4. With proper design of the guide surface (27, 281, 291) of the guide ring (26, 28, 29, 41, 42), the airflow can be concentrated and directly guided to the target device. Additionally, the curvature of the guide ring (26, 28, 29, 41, 42) can be designed based on different target devices to exactly guide the airflow and to enhance the heat-dissipating efficiency.
Even though numerous characteristics and advantages of the present invention have been set forth in the foregoing description, together with details of the structure and function of the invention, the disclosure is illustrative only, and changes may be made in detail, especially in matters of shape, size, and arrangement of parts within the principles of the invention to the full extent indicated by the broad general meaning of the terms in which the appended claims are expressed.

Claims

1. A heat-dissipating fan comprising

a housing having

a receiving space formed in a center of the housing and forming an airflow inlet and an airflow outlet; and

at least one guide ring mounted near the airflow outlet and each one having

at least one guide surface formed on the guide ring; and

an impeller mounted rotatably in the receiving space and having

a hub; and

multiple blades mounted around an outer wall of the hub and forming multiple airflow channels, each of the airflow channels locating between adjacent blades and having a cross-section narrowed from at least one top end, respectively, of the at least one guide ring to the airflow outlet, each of the blades having at least one receiving notch formed in a bottom edge of the blade, corresponding to at least one cross-section, respectively, of the at least one guide ring and defining at least one gap between the bottom edge of the blade and the at least one guide surface of the at least one guide ring.
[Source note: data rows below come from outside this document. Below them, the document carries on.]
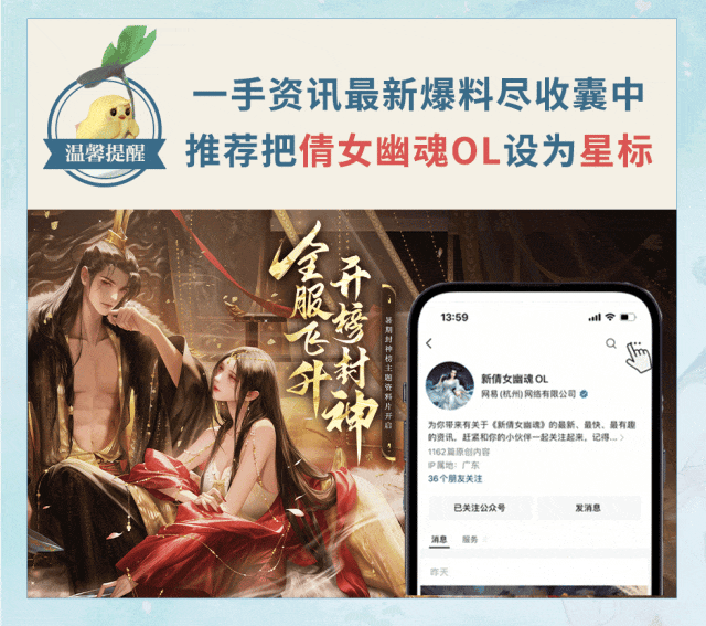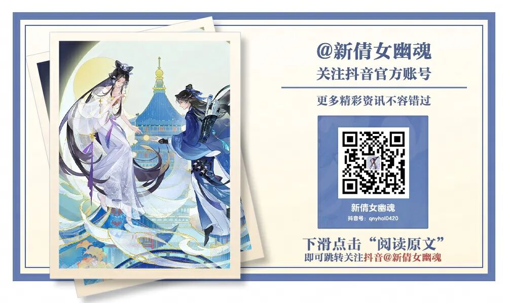 现在关注抖音官方账号@新倩女幽魂并发送关注截图+个人主页截图至微信公众号后台或微博,备注【抖音关注有礼】,即有机会获得【随机款鼠标垫】一份哦~
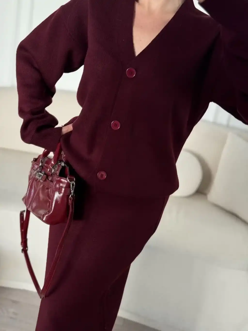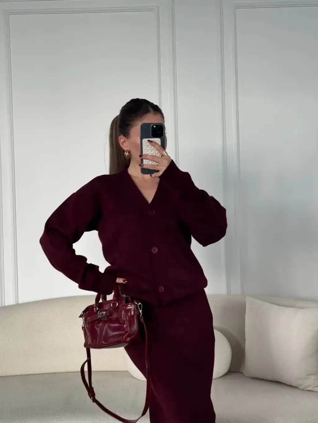 V Yaka 3 Düğmeli Hırka Takım Triko İkili Etekli - Bordo
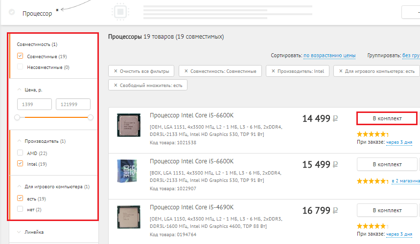 В левой колонке следующей страницы собраны характеристики ЦП, в правой — перечислены товары из ассортимента магазина. Мы подбираем процессор марки Intel со свободным множителем (для возможности разгона). После того как мы отметили интересующие параметры, сервис автоматически нашел подходящие модели. Выбрав одну из них — Intel Core i5-6600K без кулера, нажимаем «В комплект».

2. The heat-dissipating fan as claimed in claim 1, wherein the housing further has

a hub bracket mounted in the receiving space; and

multiple support ribs locating between and connecting to the hub bracket and an inner wall of the receiving space.
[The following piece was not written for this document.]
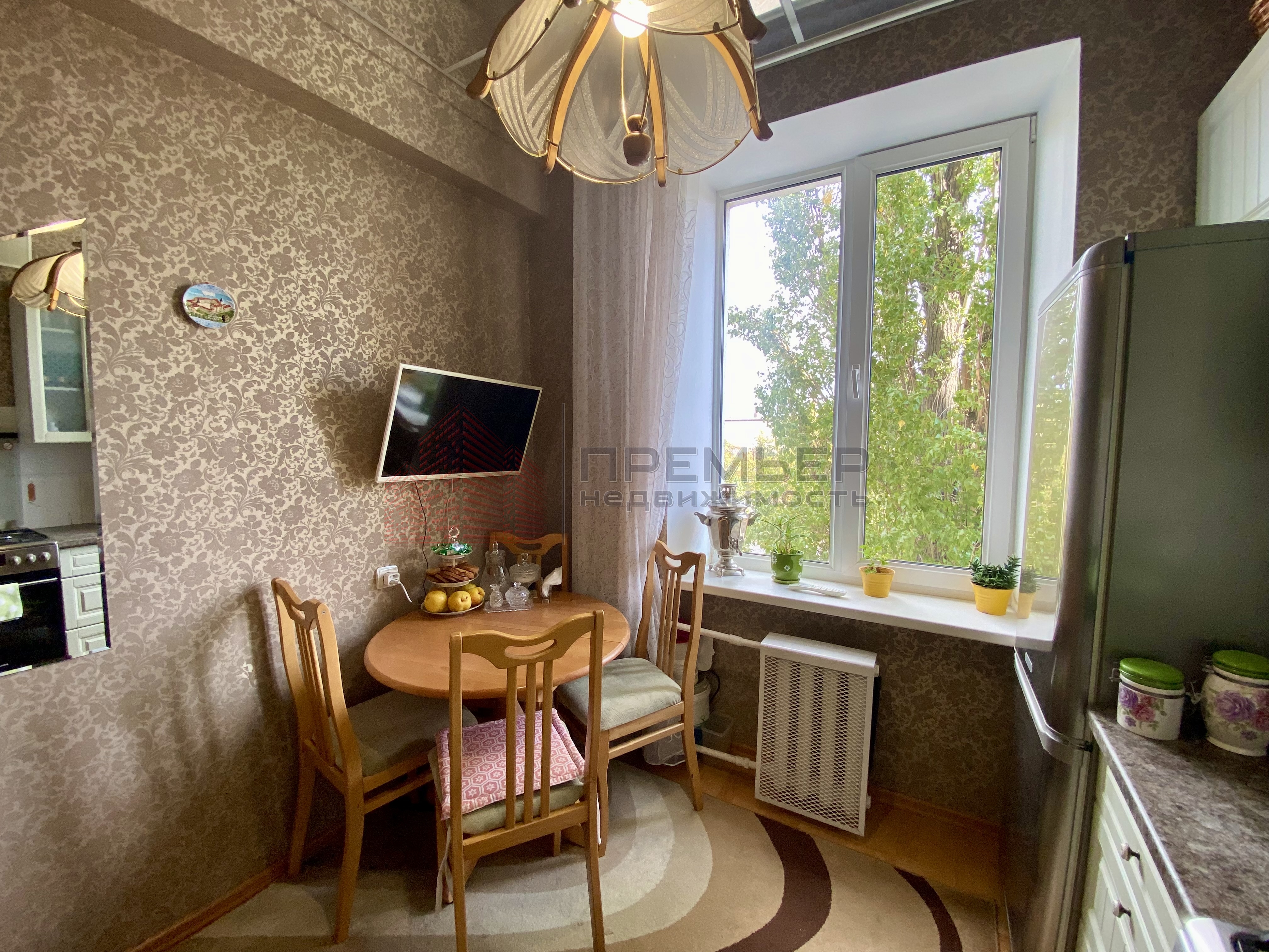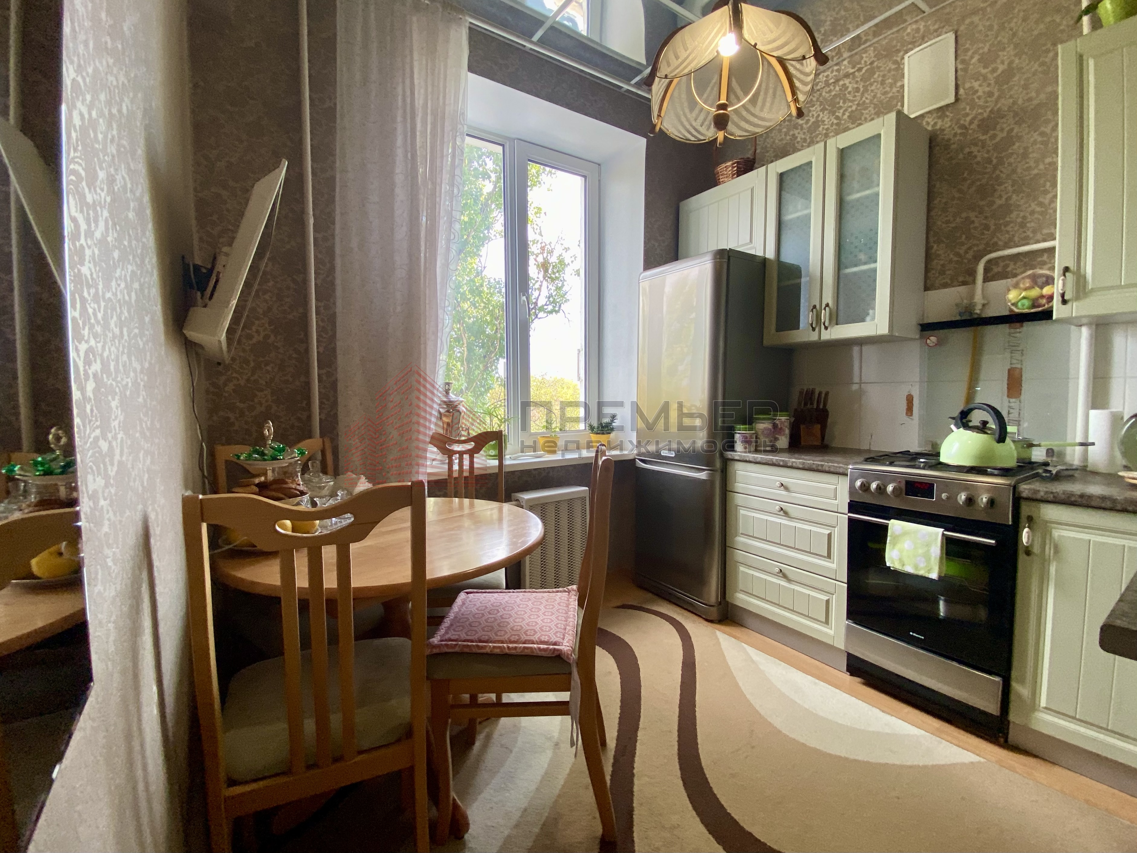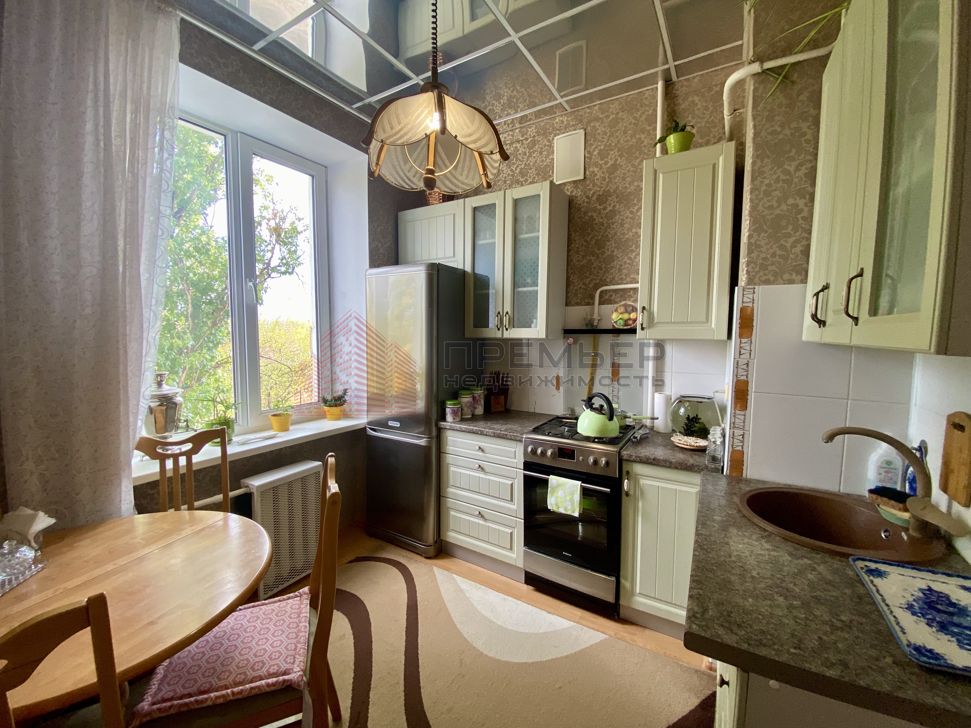 Уютная кухня с видом на сквер.

3. The heat-dissipating fan as claimed in claim 2, wherein the at least one guide ring is mounted on the supporting ribs.

4. The heat-dissipating fan as claimed in claim 1, wherein at least one of the at least one guide ring has a single guide surface.

5. The heat-dissipating fan as claimed in claim 1, wherein at least one of the at least one guide ring has two guide surfaces.

6. The heat-dissipating fan as claimed in claim 1, wherein housing has a single guide ring.

7. The heat-dissipating fan as claimed in claim 1, wherein the housing has multiple guide rings.

8. The heat-dissipating fan as claimed in claim 7, wherein the guide rings are arranged at intervals and include at least one guide ring with a single guide surface and at least one guide ring with two guide surfaces.